Avoiding Garbage Collection
So why can we avoid synchronization and GC with linear types? If we
would consider the following function as an example:
linearFunc :: a %1-> b
On their own, linear types only gives a type to functions that consume
their argument exactly once when their result is consumed precisely
once. So, alone, they don’t make your programs any faster or safer for
resources. Still, they allow you to write many optimizations and
resource-safe abstractions that weren’t possible before.
First, since linear values can only be used once, these values cannot
be shared. This means that, in principle, they shouldn’t be subject to
GC. But this depends on the value consumer since that may very well do
some sort of de-allocation on the spot. One way to mitigate this could
be to store these values to heap outside of GC’s control.
While utilizing heap for these values alone would diminish the GC, it
would introduce some overhead to your program, which could increase
the total running time of your application. But if we continue using
real-time systems as an example, this isn’t necessarily bad.

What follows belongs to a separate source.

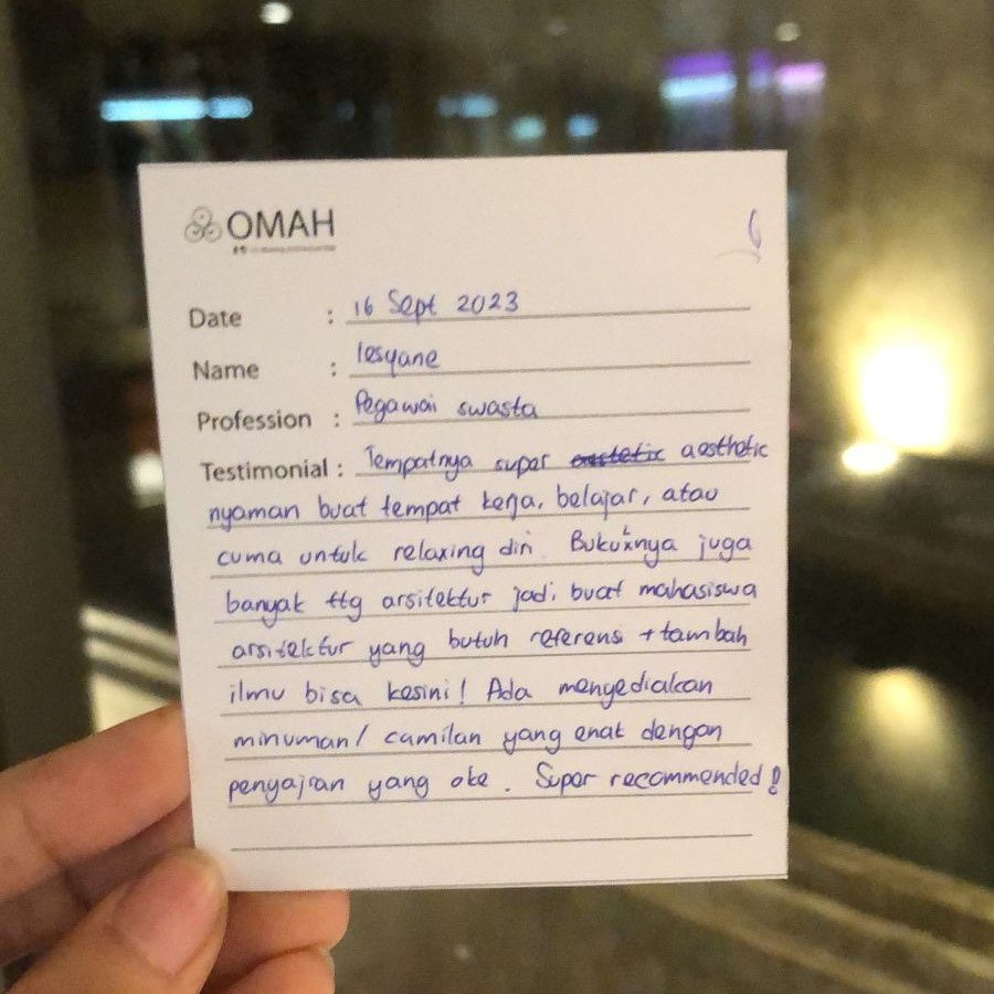 Tempat super aesthetic, nyaman buat kerja, belajar atau cuma untuk relaxing diri. Buku-bukunya juga banyak tentang arsitektur jadi buat mahasiswa arsitektur yang butuh referensi + tambah ilmu bisa kesini ! ada menyediakan minuman/camilan yang enak dengan penyajian yang oke. Super recommended!

In real-time systems, optimizations often happen only to the
worst-case scenarios. This is because you don’t really care about your
latencies as long as they stay within the particular window. But you
watch that those latencies should never go above your maximum limit,
and this is primarily where optimisation utilizing linear types could
come in handy.
Practical Linear Types
Linear types are a blessing in GC languages if you intend to do
anything safely in the low-level world. I would like to continue this
post with some practical examples of how Haskell utilizes these types
and how they can make low-level optimizations and resources safer in
your Haskell code, but that deserves its own post.